[Records from a collection]
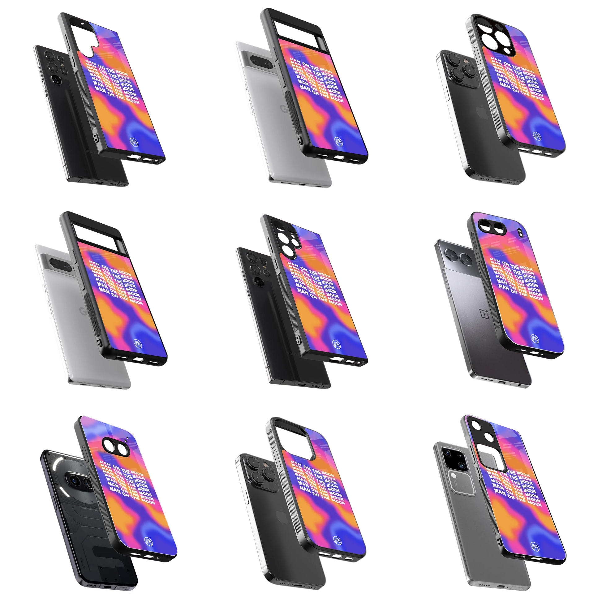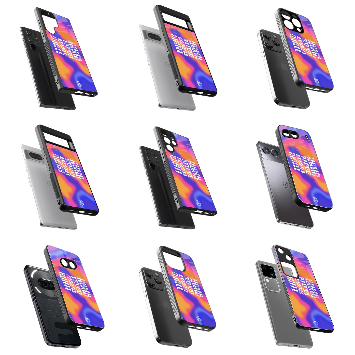 Premium Glass Cases available for Apple, Oneplus, Samsung, Pixel, Xiaomi, Oppo, Vivo, Realme & More Devices.
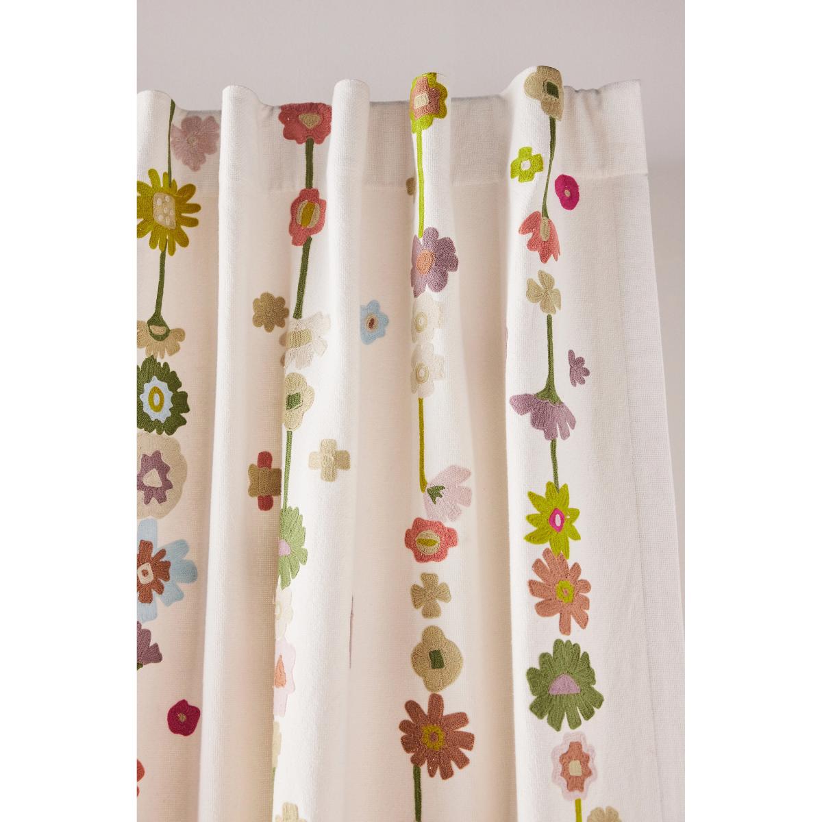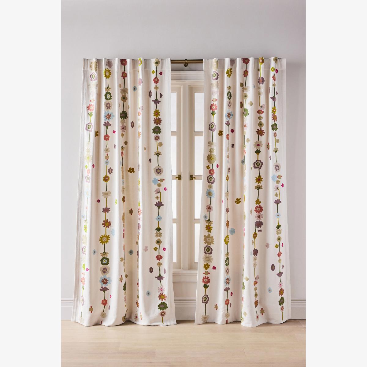 I love this embroidered cotton curtain for its cheerful, handcrafted feel and subtle pop of colour. It works well in a variety of interiors-from boho and eclectic spaces to more pared-back or modern schemes that could benefit from a lively, artistic touch. The floral embroidery adds texture and visual interest without overwhelming the space, making it versatile for both formal and relaxed settings. For styling tips, consider pairing these curtains with minimalist furniture and neutral walls to let the embroidery stand out, or contrast them with more vibrant accessories for a playful, layered look. They also work well in bedrooms or living rooms where you want to add a cosy, inviting atmosphere with a hint of whimsy.
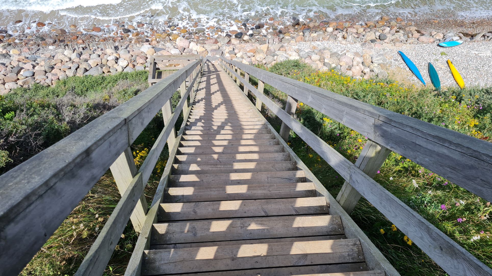 | På et tidspunkt måtte vi give op og tage den tunge vej op ad en trappe igen og væk fra stranden.
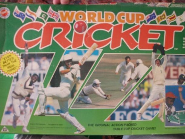 World Cup Cricket is touted as "The original action-packed table-top cricket game!" for Ages 4 and up. In the box (decorated with action shots of late 80s / early 90s players including Alec Stewart and Jack Russell) comes with a green beize (?? beige) playing area which is laid out on a table, with six boundary fence sections which Velcro around the edge...
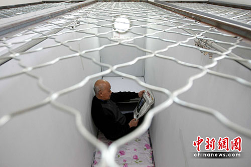 黄日新展示他的“胶囊公寓”。中新社发 富田 摄
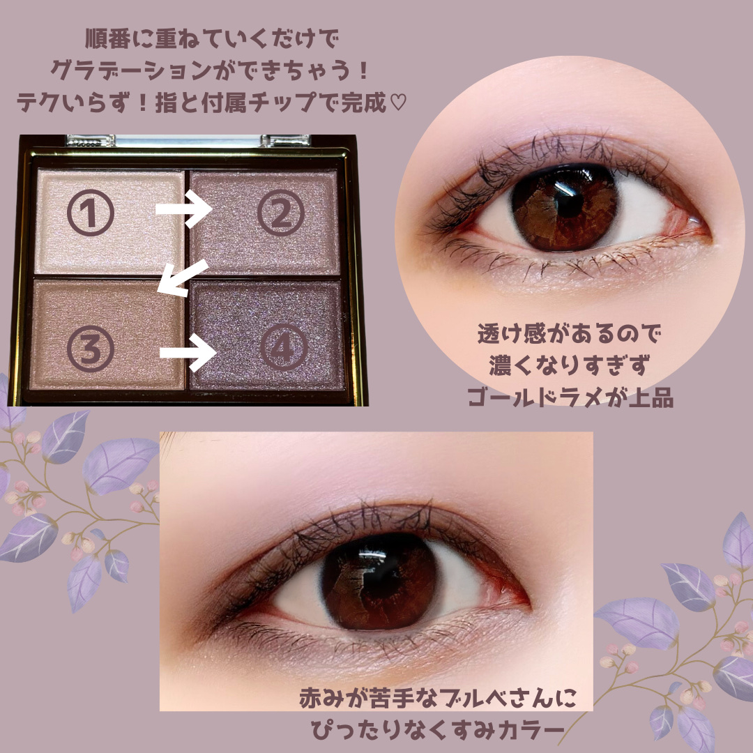 | 3つの異なる質感からなる4色パレットで、使い方によって雰囲気も質感も変わっていきます✨ | 詳細を見る |

EXERCISE REQUIREMENTS: Exactly repeat the data above; the pictures do not belong in your copy.

RESPONSE AREA:
 Premium Glass Cases available for Apple, Oneplus, Samsung, Pixel, Xiaomi, Oppo, Vivo, Realme & More Devices.
 I love this embroidered cotton curtain for its cheerful, handcrafted feel and subtle pop of colour. It works well in a variety of interiors-from boho and eclectic spaces to more pared-back or modern schemes that could benefit from a lively, artistic touch. The floral embroidery adds texture and visual interest without overwhelming the space, making it versatile for both formal and relaxed settings. For styling tips, consider pairing these curtains with minimalist furniture and neutral walls to let the embroidery stand out, or contrast them with more vibrant accessories for a playful, layered look. They also work well in bedrooms or living rooms where you want to add a cosy, inviting atmosphere with a hint of whimsy.
 | På et tidspunkt måtte vi give op og tage den tunge vej op ad en trappe igen og væk fra stranden.
 World Cup Cricket is touted as "The original action-packed table-top cricket game!" for Ages 4 and up. In the box (decorated with action shots of late 80s / early 90s players including Alec Stewart and Jack Russell) comes with a green beize (?? beige) playing area which is laid out on a table, with six boundary fence sections which Velcro around the edge...
 黄日新展示他的“胶囊公寓”。中新社发 富田 摄
 | 3つの異なる質感からなる4色パレットで、使い方によって雰囲気も質感も変わっていきます✨ | 詳細を見る |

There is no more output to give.